[PATCH 16/16] net: netlink support for moving devices between network namespaces.

Eric W. Biederman ebiederm at xmission.com
Mon Sep 10 12:30:46 PDT 2007


"Serge E. Hallyn" <serue at us.ibm.com> writes:
>> 
>> +static struct net *get_net_ns_by_pid(pid_t pid)
>> +{
>> +	struct task_struct *tsk;
>> +	struct net *net;
>> +
>> +	/* Lookup the network namespace */
>> +	net = ERR_PTR(-ESRCH);
>> +	rcu_read_lock();
>> +	tsk = find_task_by_pid(pid);
>> +	if (tsk) {
>> +		task_lock(tsk);
>> +		if (tsk->nsproxy)
>> +			net = get_net(tsk->nsproxy->net_ns);
>> +		task_unlock(tsk);
>
> Thinking...  Ok, I'm not sure this is 100% safe in the target tree, but
> the long-term correct way probably isn't yet implemented in the net-
> tree.  Eventually you will want to:
>
> 	net_ns = NULL;
> 	rcu_read_lock();
> 	tsk = find_task_by_pid();  /* or _pidns equiv? */
> 	nsproxy = task_nsproxy(tsk);
> 	if (nsproxy)
> 		net_ns = get_net(nsproxy->net_ns);
> 	rcu_read_unlock;
>
> What you have here is probably unsafe if tsk is the last task pointing
> to it's nsproxy and it does an unshare, bc unshare isn't protected by
> task_lock, and you're not rcu_dereferencing tsk->nsproxy (which
> task_nsproxy does).  At one point we floated a patch to reuse the same
> nsproxy in that case which would prevent you having to worry about it,
> but that isn't being done in -mm now so i doubt it's in -net.

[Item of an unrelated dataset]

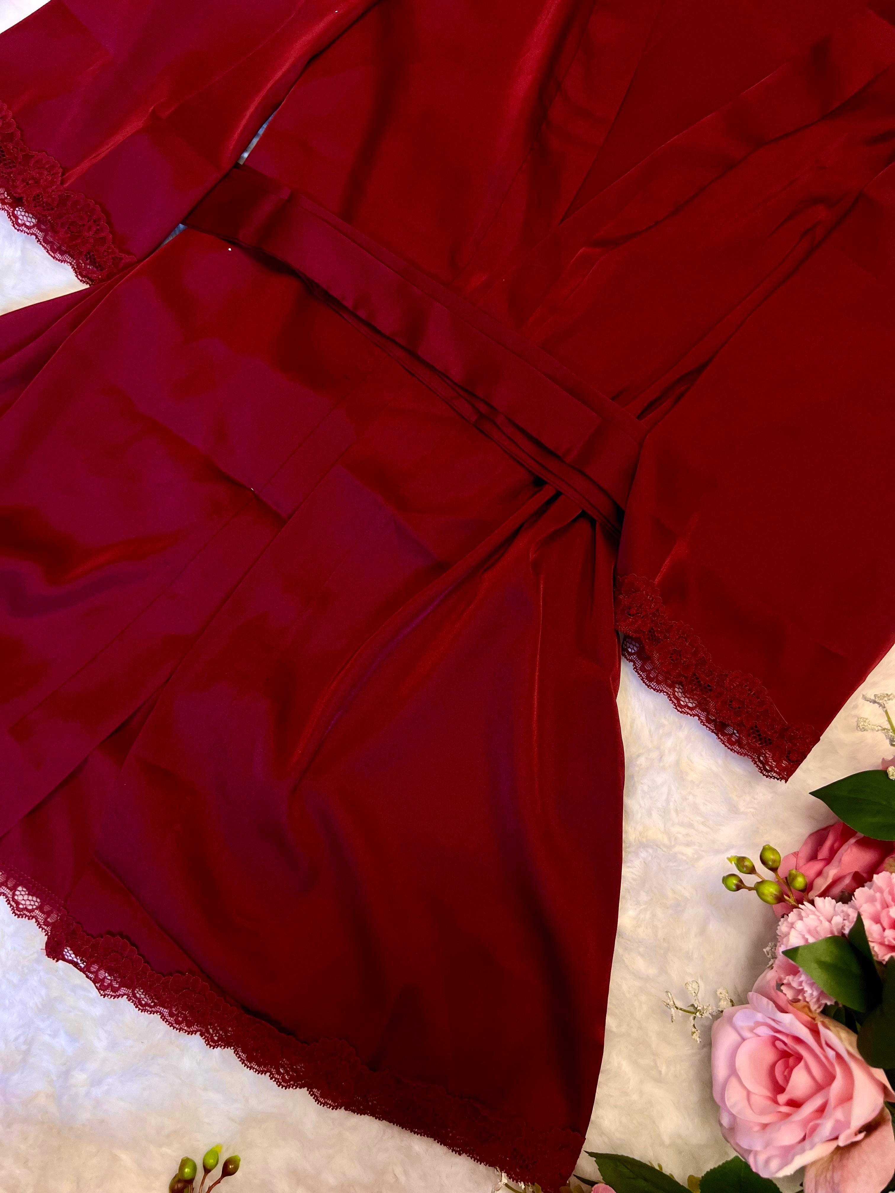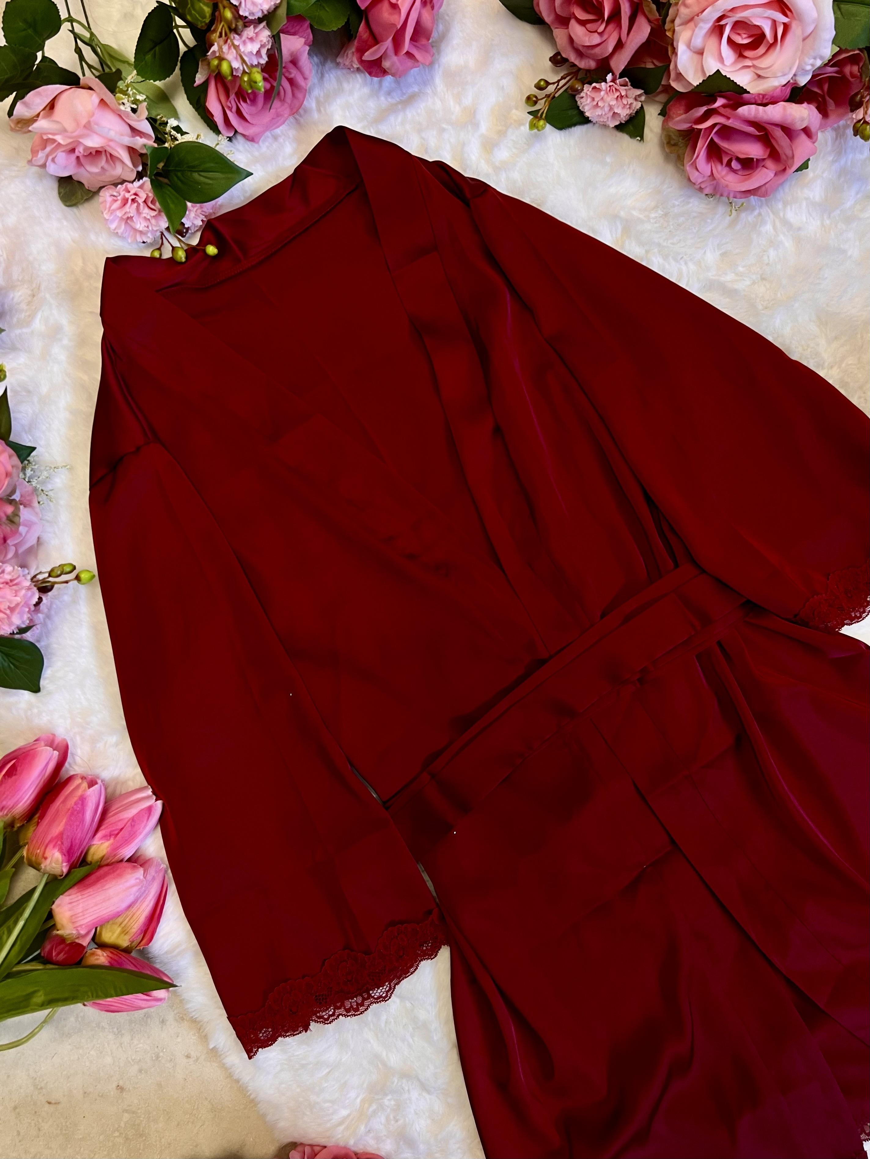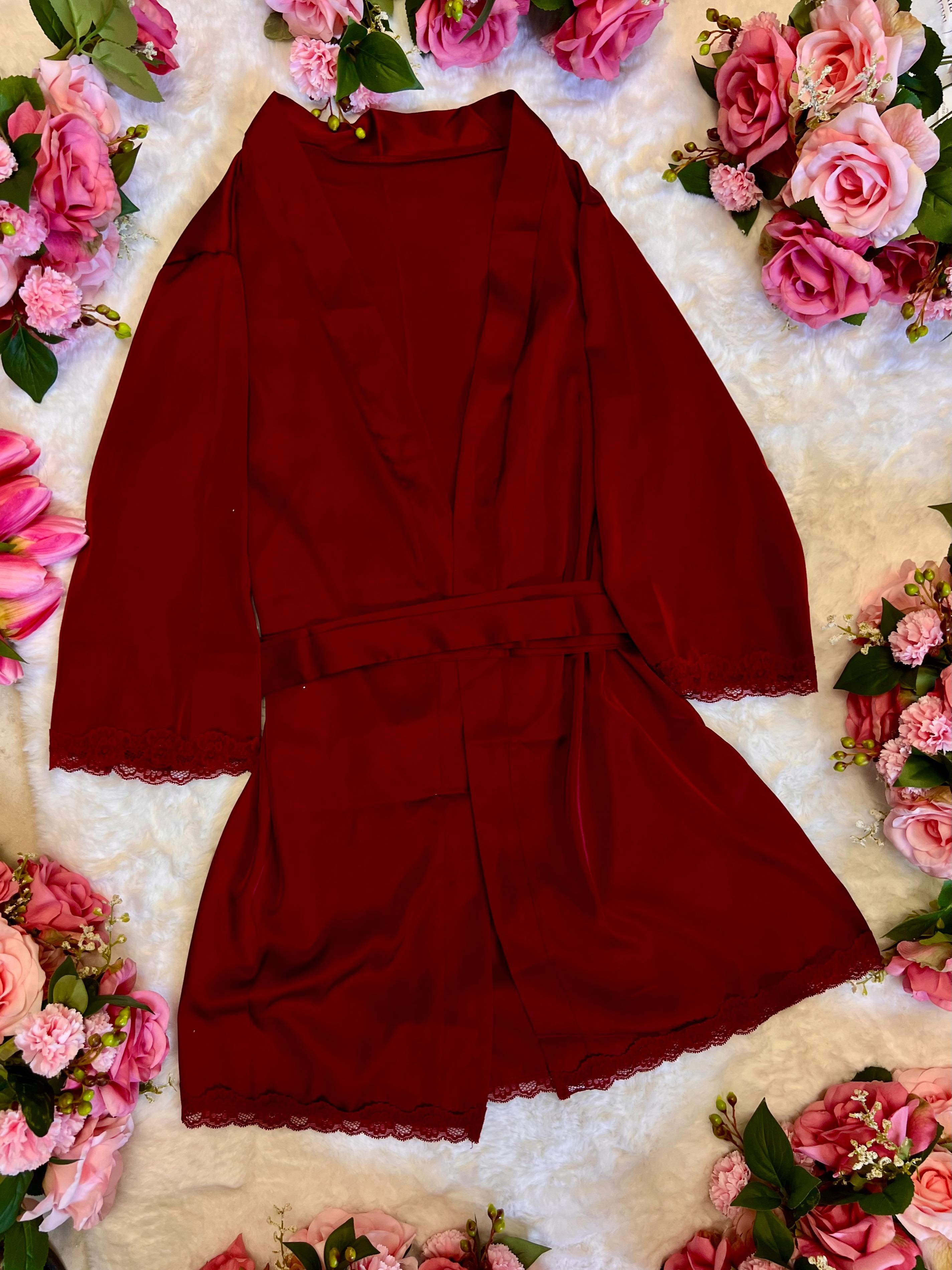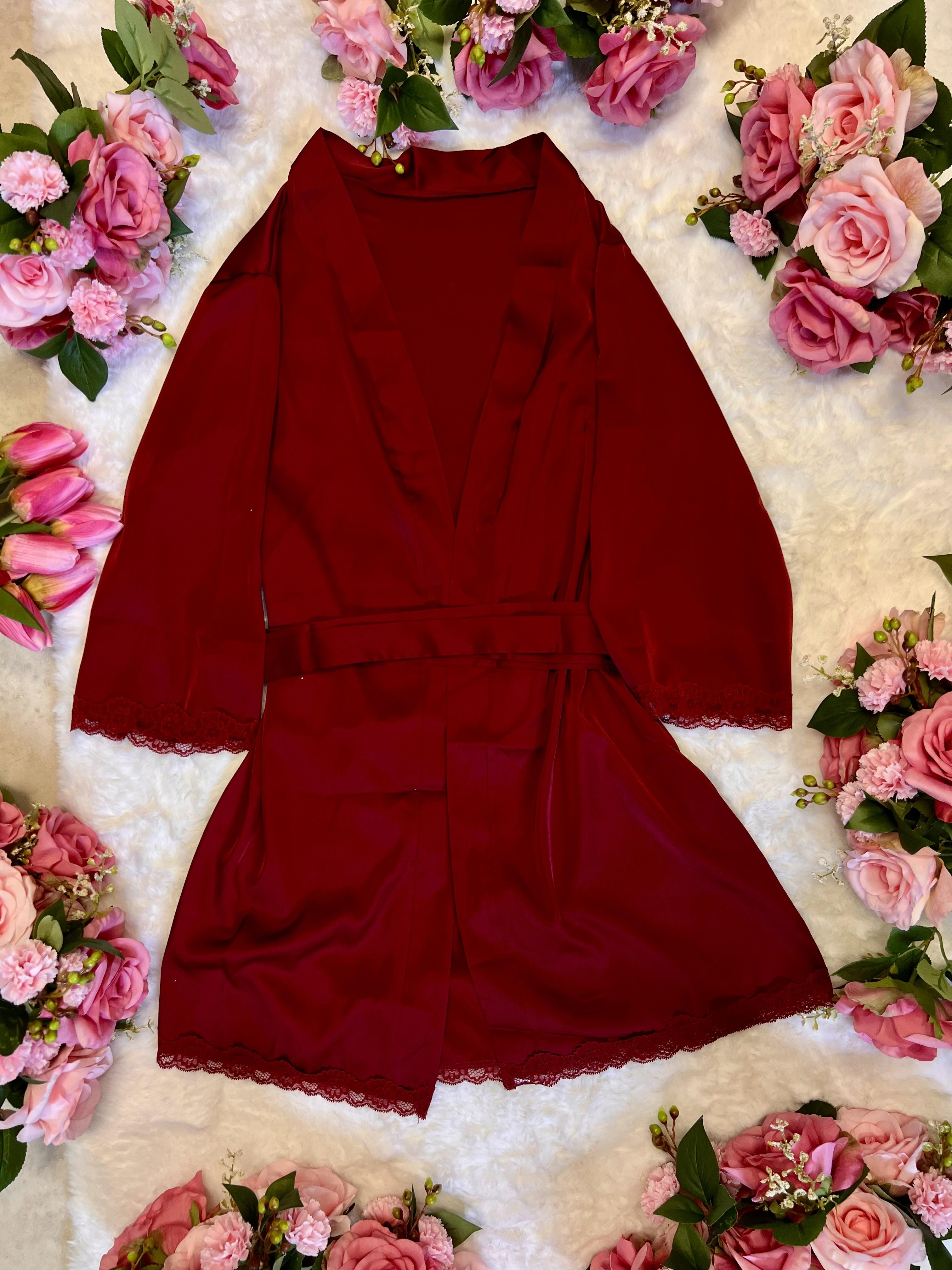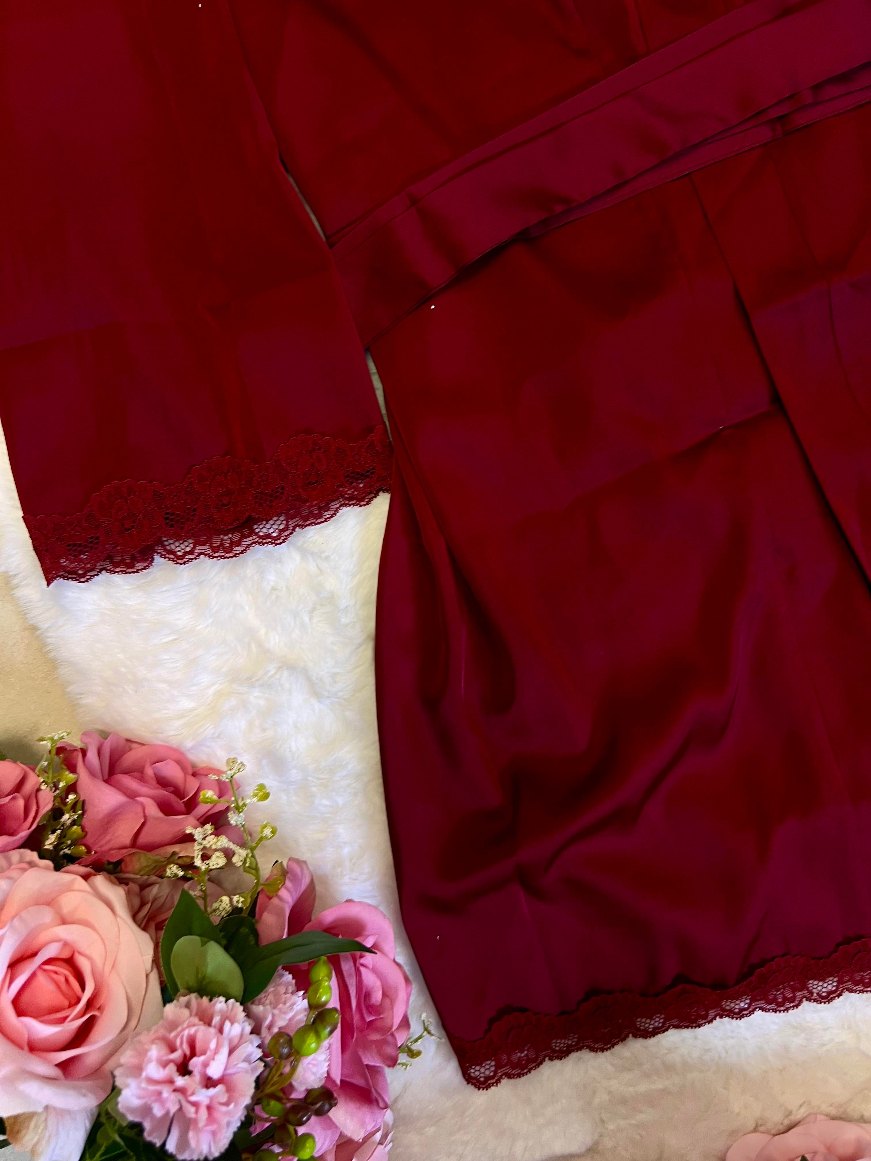 LILIOSA presents the 24 Days of Christmas Robe, a red/burgundy satin robe with a tie and lace hem. Perfect for Christmas Day, this robe is a festive loungewear option. It's super soft and elegant, making it an ideal Christmas gift. Suitable for women, this dressing gown is a classy lounge choice.

That change isn't merged upstream yet, so it isn't in David's
net-2.6.24 tree.  Currently task->nsproxy is protected but
task_lock(current). So the code is fine.

I am aware that removing the task_lock(current) for the setting
of current->nsproxy is currently in the works, and I have planned
to revisit this later when all of these pieces come together.

For now the code is fine.

If need be we can drop this patch to remove the potential merge
conflict.  But I figured it was useful for this part of the user space
interface to be available for review.